═════ Provided data
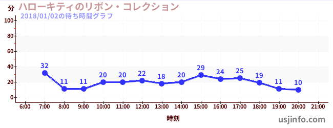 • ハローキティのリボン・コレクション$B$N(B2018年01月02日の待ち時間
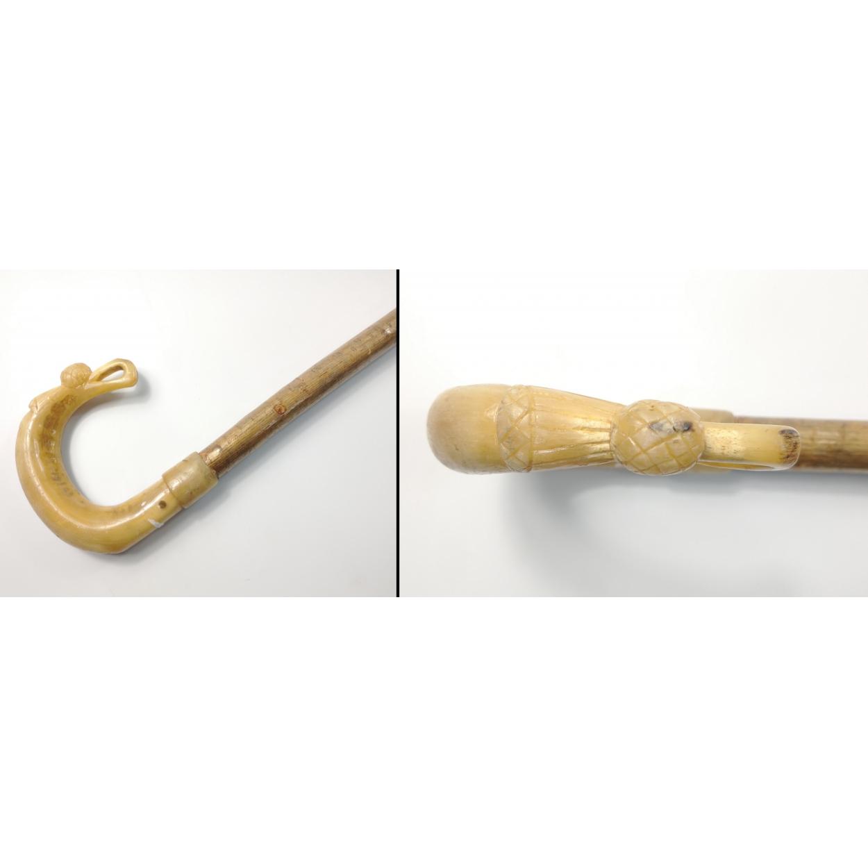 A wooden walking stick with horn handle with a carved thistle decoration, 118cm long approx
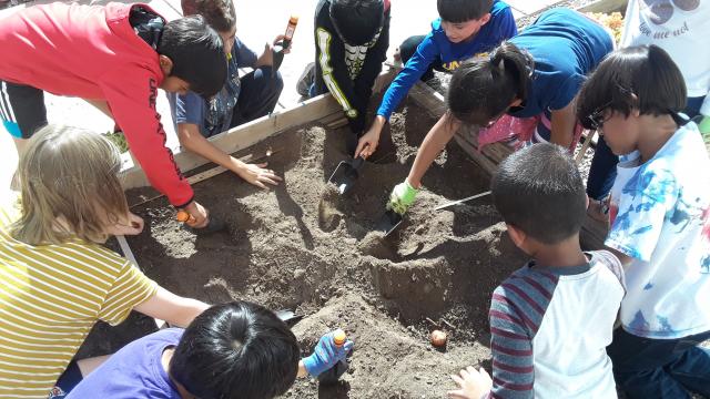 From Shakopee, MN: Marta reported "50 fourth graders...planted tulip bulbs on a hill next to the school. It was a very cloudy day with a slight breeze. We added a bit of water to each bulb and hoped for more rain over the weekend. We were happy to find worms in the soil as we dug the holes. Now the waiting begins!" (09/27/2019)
══════════
From the first line to the last, give the data again exactly, but without pictures.

Exercise response =>
 • ハローキティのリボン・コレクション$B$N(B2018年01月02日の待ち時間
 A wooden walking stick with horn handle with a carved thistle decoration, 118cm long approx
 From Shakopee, MN: Marta reported "50 fourth graders...planted tulip bulbs on a hill next to the school. It was a very cloudy day with a slight breeze. We added a bit of water to each bulb and hoped for more rain over the weekend. We were happy to find worms in the soil as we dug the holes. Now the waiting begins!" (09/27/2019)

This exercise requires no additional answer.